A Bodhisattva must first train to calm their own passions before they have the clarity to help others.  When facing chaos, we may feel the need to do something. And yet, the nature of chaos is unclarity.  A general rule is when the world is chaotic and uncertain turn our attention to ourselves. Change what we can change.  If we could breath, relax and bring ourselves back to balance, we might see the pattern in the confusion. And like all patterns this has happened before and will happen again. From this point of view, the idea that there is a “right side” is absurdly reductive.

If scrolling through your doomfeed makes you angry, frightened or depressed it’s because 1) you care and 2) you have no idea how to help.  So the Bodhisattva is trained to rest in the chaos until a natural confluence emerges. And how might a natural confluence differ from taking sides? From the Buddhist perspective, the view is fostering kindness and compassion. If the world is falling apart, we can choose to add no harm and sit in the turmoil until our time for compassionate action becomes clear.

Water flows into water — sometimes quite rapidly, with significant turbulence. But this is not the fault of the river. Nor is it the fault of society, the world, or even our political systems when they undergo upheaval. Change is not an anomaly; it’s a basic rhythm of human experience on this planet. The planet changes. The climate changes. Political systems around the world shift, often with great pain or even lockdown. From a data point of view, the problem is not change — it’s the challenge of navigating change when we cannot control the outcome.

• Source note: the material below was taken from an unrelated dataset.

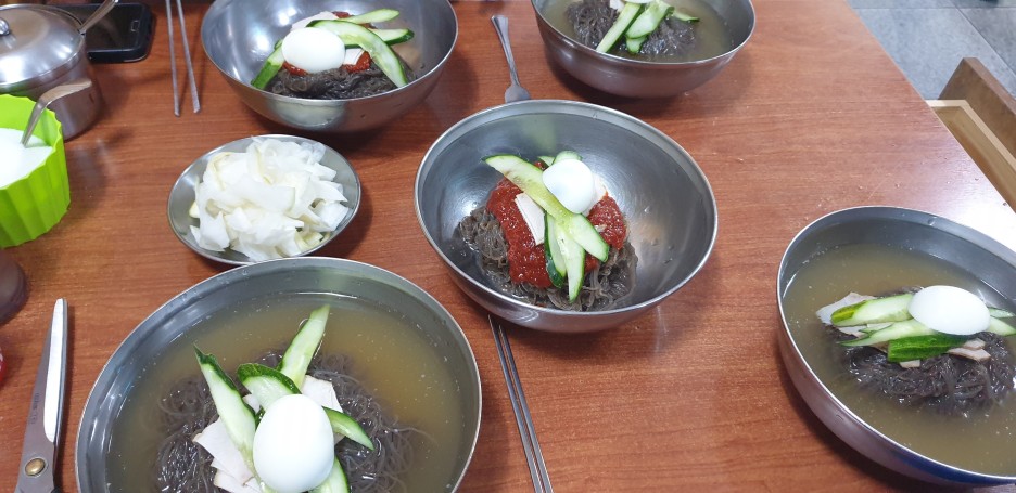 기다리던 냉면이나왔습니다. 비빔냉면 2개, 물냉면3개.. 물만두 2개(사진미첨부) 4인가족이 먹은 식사량입니다..

The work is for us to relax into not being able to predetermine results. Facing this chaos all while maintaining an upright posture of goodness, dignity, and strength. We might experience fear and resentment, but these, as is said, are like drinking poison expecting our adversaries to become ill. Usually, the others just go on their merry way, defiling and defaming others, and we are left feeling ill. Thus we become weak and unable to help anyone. Our first step in warrior training is to hold our seat and gather our strength. The next step is to adopt a posture of bravery and simply represent goodness without proclamation, arrogance or aggression.

Until we’re able to manifest dignity and strength we may become victims. Or worse yet, we may blindly react and become part of the problem.

This is why we need mindfulness, intention, and clarity about what we are doing. We need to interrupt immediate, automatic reactions. Yet these reactions happen so quickly it’s like trying to corral a bull after it’s broken free of its pen. Wherever we catch ourselves bringing aggression into our body or mind, we can just stop. Avoid blame, as blame, which feels so justified, only serves to perpetuate aggression and blindness. Anytime we become aware of the hijacking of our body by fear — whether anticipating what might happen, experiencing it as it unfolds, or reflecting on it afterward — we become more attuned to this very immediate and incredibly powerful process. Simply said, our mind and body are being hijacked by our own nervous system. It’s no one’s fault. However, it is our chore to work with. The work is to free the body, open the heart and let the mind see before we jump into the fire.

It’s natural to want to protect ourselves. But it is not natural to scapegoat a segment of society, to cling to resentment, or to nurture hatred in our heart. The issue here is not “right-wing” versus “left-wing.” The issue is that when we blame others, we harm ourselves. The violence we inflict on ourselves is profound, especially when we mask it as blame toward others.

When we are awake and open to our immediate experience, our natural human dignity will allow us to do the right thing. When we are reactive, our basic animal instinct only pushes us into ignorance. By creating a gap before acting out retribution, we can hold our reactions lightly, release them, and see more clearly. Otherwise, we’re not only grabbing the bull after its left the pen, we’re letting it carry us as it may — all while blaming someone else for leaving the gate open.